→ Problem description
Pictures are not part of the copy. Set down exactly the lines from the one containing "天然うなぎの焼き、牛肉の八幡" through the last line of the material below.

→ The data
BEGIN
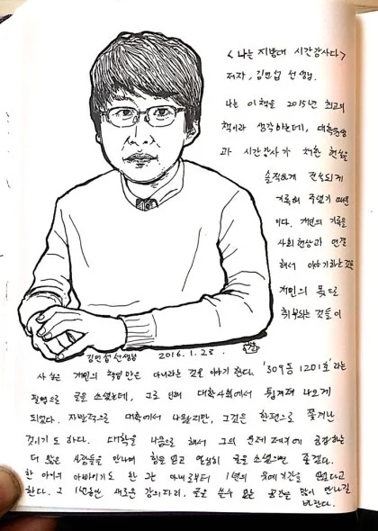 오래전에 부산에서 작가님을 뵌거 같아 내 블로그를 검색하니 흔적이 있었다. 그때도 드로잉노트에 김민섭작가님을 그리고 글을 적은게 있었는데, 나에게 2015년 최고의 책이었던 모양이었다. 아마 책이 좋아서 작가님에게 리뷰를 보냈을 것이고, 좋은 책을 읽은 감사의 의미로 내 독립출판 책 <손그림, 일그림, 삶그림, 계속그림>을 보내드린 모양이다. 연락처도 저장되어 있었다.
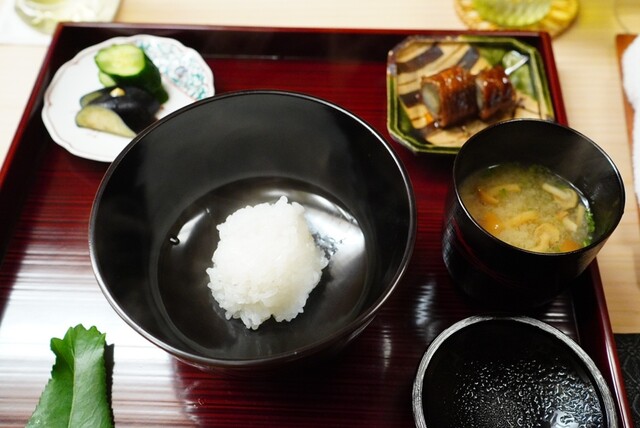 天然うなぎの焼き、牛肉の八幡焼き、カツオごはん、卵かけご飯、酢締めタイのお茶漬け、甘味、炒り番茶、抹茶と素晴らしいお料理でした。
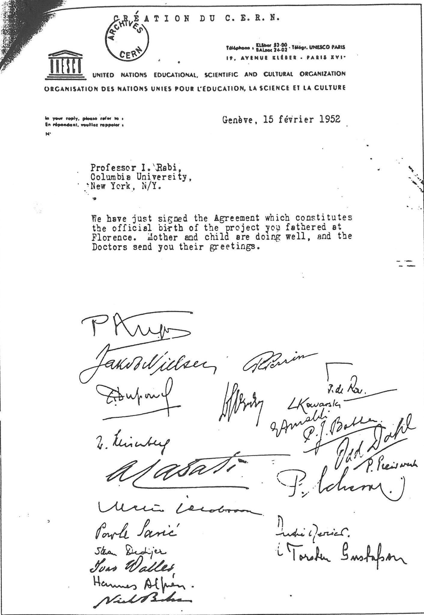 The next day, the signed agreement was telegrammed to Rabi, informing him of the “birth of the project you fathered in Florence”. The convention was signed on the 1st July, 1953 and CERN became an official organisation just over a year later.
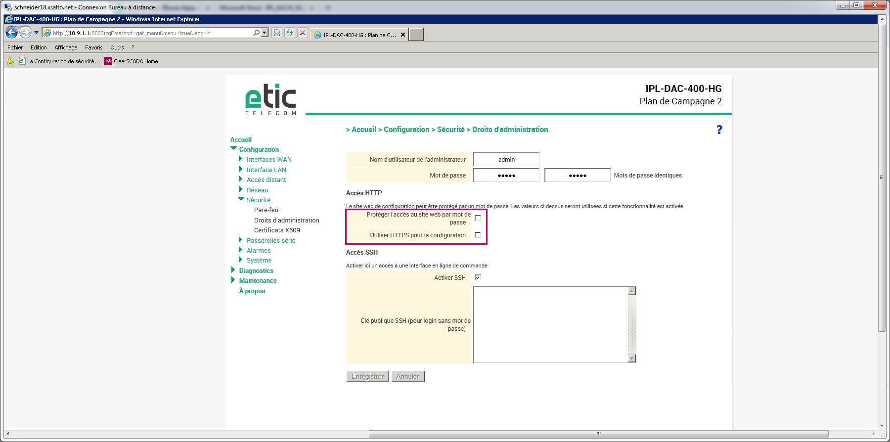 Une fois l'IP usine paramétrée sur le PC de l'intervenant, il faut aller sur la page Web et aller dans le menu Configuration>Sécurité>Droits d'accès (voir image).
END
→ Reply
 天然うなぎの焼き、牛肉の八幡焼き、カツオごはん、卵かけご飯、酢締めタイのお茶漬け、甘味、炒り番茶、抹茶と素晴らしいお料理でした。
 The next day, the signed agreement was telegrammed to Rabi, informing him of the “birth of the project you fathered in Florence”. The convention was signed on the 1st July, 1953 and CERN became an official organisation just over a year later.
 Une fois l'IP usine paramétrée sur le PC de l'intervenant, il faut aller sur la page Web et aller dans le menu Configuration>Sécurité>Droits d'accès (voir image).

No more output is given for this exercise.